The keto diet is a low-carb, high-fat, and moderate-protein diet. To maintain ketosis, people need to reduce their sugar consumption, which can be challenging when it comes to adding sweeteners to baked goods, sauces, and beverages.
Natural sweeteners such as monk fruit, stevia, and yacon syrup are suitable for a keto diet. Monk fruit is a fruit native to China that is 100–250 times sweeter than sugar and has no calories or carbs. Stevia is a natural sweetener derived from the Stevia rebaudiana plant that is 250–300 times sweeter than table sugar and contains little to no calories or carbs. Yacon syrup is derived from the roots of the yacon plant and is rich in fructooligosaccharides (FOS), a type of fibre that the body cannot digest, resulting in fewer calories than table sugar.

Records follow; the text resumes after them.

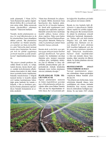 dikkati çekerek, “Bu planlamanın luna gelecek. Bakanlık, Türkiye ba- bölgeleri olan, çok farklı üretim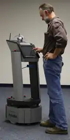 Mobile robots[85] have the capability to move around in their environment and are not fixed to one physical location. An example of a mobile robot that is in common use today is the automated guided vehicle or automatic guided vehicle (AGV). An AGV is a mobile robot that follows markers or wires in the floor, or uses vision or lasers.[86] AGVs are discussed later in this article.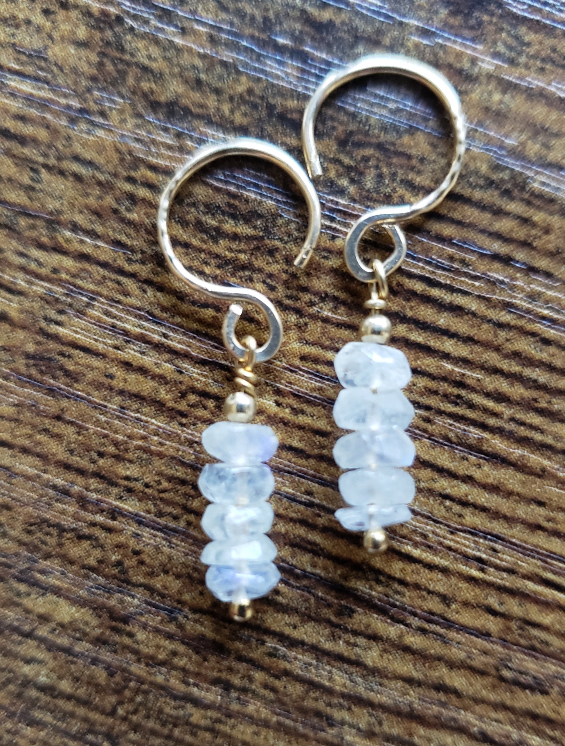 Moonstone is a captivating semi-previous gemstone that glows white with occasional, stunning flashes of blue. These earrings are perfectly understated for everyday wear. Hand-hammered Sterling Silver or 14k Gold Filled ear wires.

Artificial sweeteners such as sucralose, xylitol, erythritol, and allulose are also keto-friendly. Sucralose is an artificial sweetener that is heat stable and 600 times sweeter than table sugar. Xylitol is a sugar alcohol that is as sweet as table sugar but contains fewer calories and carbs. Erythritol is a sugar alcohol that is 60–80% as sweet as table sugar and has zero calories. Allulose is a rare sugar found in small amounts in some foods and is known to improve insulin resistance and lower blood sugar levels.
Characteristics | Values |
---|---|
Sweeteners to avoid on keto | Honey, maltodextrin, coconut sugar, maple syrup, agave nectar, dates |
Keto-approved sweeteners | Stevia, monk fruit, erythritol, yacon syrup, sucralose, xylitol, allulose, inulin & oligofructose, tagatose, pentose |
Natural vs artificial sweeteners
Natural sweeteners are derived from natural sources and are often minimally processed. They include honey, agave nectar, maple syrup, coconut sugar, and date sugar. While these sweeteners are considered more natural or unprocessed than table sugar, they are still broken down into glucose and fructose during digestion, meaning there is no scientific evidence that they are any better for health than table sugar. They also contribute a substantial number of calories to a diet and can raise blood sugar levels, especially in people with diabetes.

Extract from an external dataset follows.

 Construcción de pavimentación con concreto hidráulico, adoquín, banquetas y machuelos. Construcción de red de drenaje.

Artificial sweeteners, on the other hand, are synthetic sugar substitutes that are chemically made to mimic sugar. They include aspartame (Equal), saccharin (Sweet'N Low), and sucralose (Splenda). These sweeteners offer minimal calories and are created synthetically, although they can also be made from natural substances like herbs. Artificial sweeteners are often much sweeter than real sugar, which can change a person's tolerance for sweet things and lead to cravings for more sweetened foods. While they have been found to be generally safe in limited quantities, there is some debate about their potential health effects, with studies in laboratory animals finding links between artificial sweeteners and cancer.

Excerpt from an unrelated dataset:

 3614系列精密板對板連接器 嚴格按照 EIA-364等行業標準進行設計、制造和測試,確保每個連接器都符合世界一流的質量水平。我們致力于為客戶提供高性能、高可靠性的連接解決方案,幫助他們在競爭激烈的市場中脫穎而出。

When choosing between natural and artificial sweeteners, it is important to consider the pros and cons of each. Natural sweeteners may contain small amounts of antioxidants, vitamins, and minerals, and some are used for their anti-inflammatory, antioxidant, or antibacterial effects. However, they still contribute calories and carbohydrates to the diet. Artificial sweeteners, on the other hand, have little to no calories and can be used in a variety of recipes and commercially prepared foods and beverages. However, they may have a bitter aftertaste, and their safety profile is still being debated.
Ultimately, the best option is to limit the consumption of added sweeteners of any kind and focus on whole foods such as whole grains, fruits, vegetables, lean proteins, dairy, and water.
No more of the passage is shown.